Now she is married to yet another guy I used to know. I hope she’s loosened up by now. I also know her brother; wonder if he thought the same? He doesn’t have that many kids. I dunno, it was very weird, and her dad seemed sane enough (I had him for a teacher, hardly knew the mom). I’m inclined to think she was just crazy.
I was at a wedding where the pastor got to the “do you take this woman” part. The groom just stood there. The pause was so long it was seriously uncomfortable. The pastor repeated the question. The groom, finally, said no. Much whispering. The pastor pulled the bride and groom into the sacristy. About five minutes later, he came back and said that since the reception (at a very, very, very exclusive private club) was paid for, everyone should go eat, there would be no wedding.
Much brouhaha. The groom had decided he wanted to be a Catholic priest. The next day, they went to another pastor for counselling. He told the groom that wasn’t a problem, he could be an Episcopal priest, which is the same thing only you can be married. (Pastor number two was neither Catholic nor Episcopalian, so his authority to pronounce on this was nonexistent.) The groom said OK, and this Jackass (I have many, many stories about what an incredible stupid jerk pastor number two was/is) married them in his office with his secretary as the witness.

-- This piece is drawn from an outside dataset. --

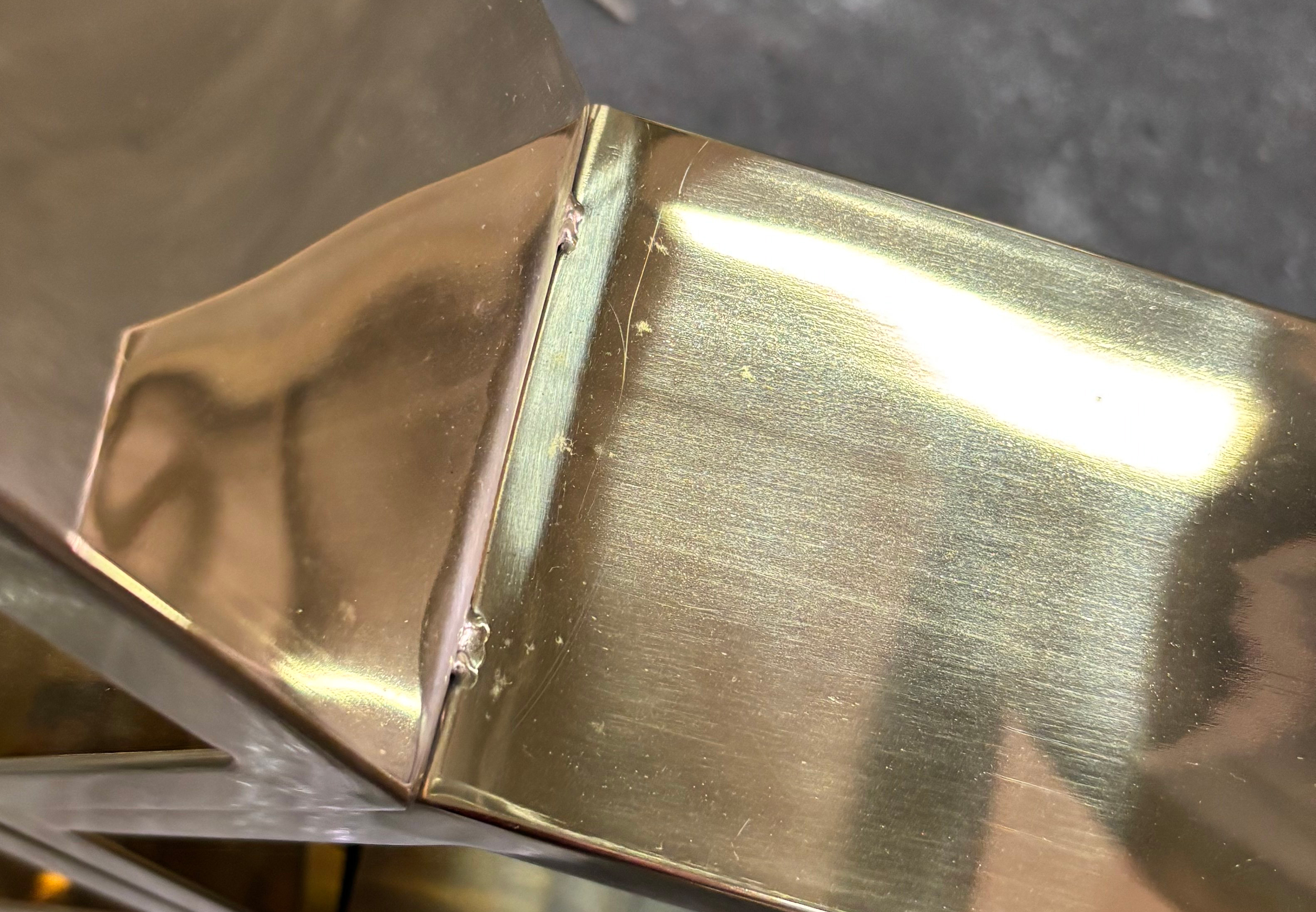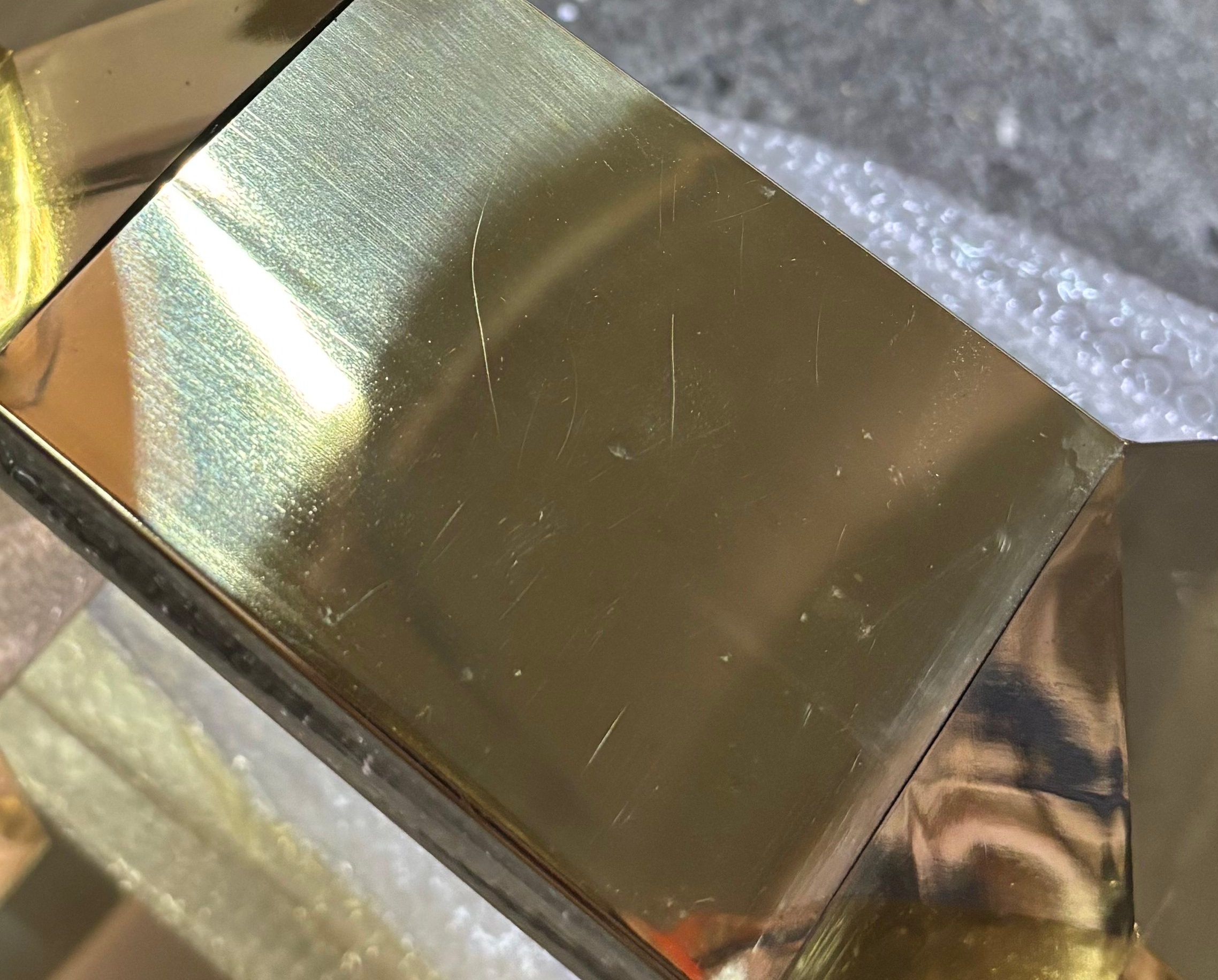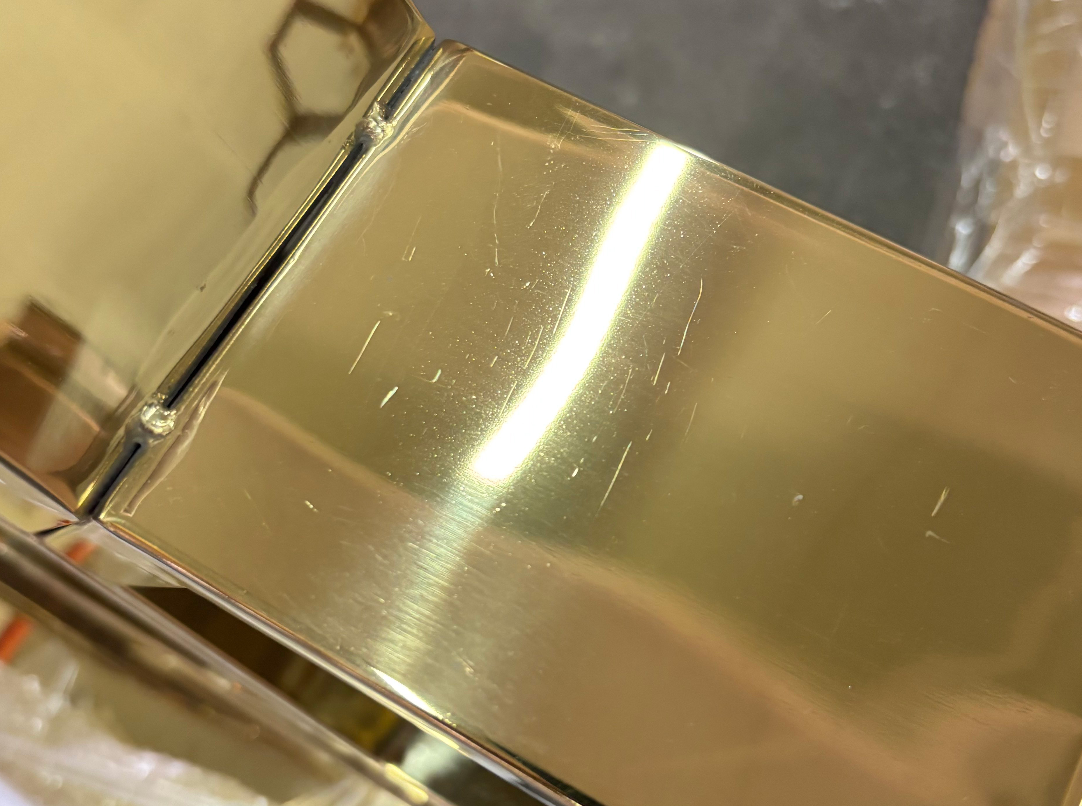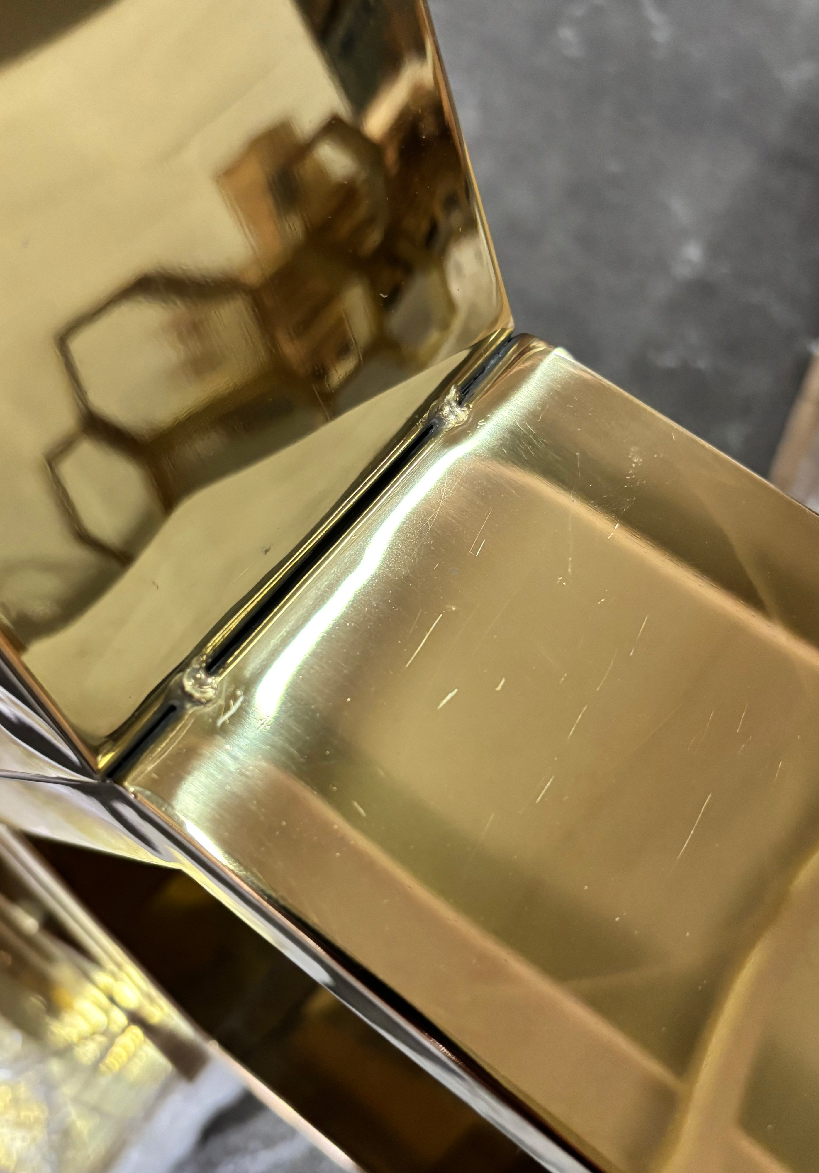 - The gold foil has scratches across the entire surface of the steel base, and the top has visible abrasions. The welds are uneven in places.

Her parents disowned them both. Last I heard, he wasn’t accepted at any seminary, and they have a couple of kids they can’t figure out how to afford. (Did I mention that she came from money and he had no brains? Did I need to?) The whole thing was sad, because they both just needed to grow up a little, and pastor number two made sure their lives would be much more complicated than they needed to be.
Not deliberately stood up, but my friend who is a wedding photographer was supposed to shoot a wedding that didn’t happen, on account of the car the groom was in getting T-boned on the way to the church. He was in the front passenger seat, and the impact was on that side. He lived, and they were married later, but that was one frantic bride. And no, they did not bring the minister to the hospital and have the ceremony at his bedside. For one, he was in Expensive Care, and for two, that’s a helluva lot easier said than done even in a regular hospital room.
I did give our wedding planner a scare, accidentally. My best man and I were waiting in the waitstaff’s access to the banquet room where my wedding was to be in 15 minutes, and I had to pee. So we went looking for a bathroom, but since we were in the non-public part of the hotel, they weren’t marked or anything. So it took a while. Then we went back to where we had been waiting, thinking we still had several minutes to kill, only to see our wedding planner standing there with eyes the size of dinner plates. I guess getting everything set up had taken less time than expected, so she’d come to get me, but I wasn’t there.
One friend did go to a wedding where the groom decided not to go through with it – although he showed up and told the bride before the processional started. While the guests all got drunk at the reception, he, the bride, and the minister talked it over, and they tied the knot privately that night. Lasted about 18 months.
Is “wanted to surprise her” another way of saying “I didn’t RSVP”? Because if it is, why would she have planned for you to come and have bothered to notify you about the change in venue?
Slightly off-topic, but I once traveled to attend a wedding that did not happen because the groom died late the night before. The service was turned into a sort of memorial. I was a guest of a guest, so I didn’t know anyone, but it was all kind of surreal. I have to wonder whether that poor bride was raumatized out of ever getting engaged again.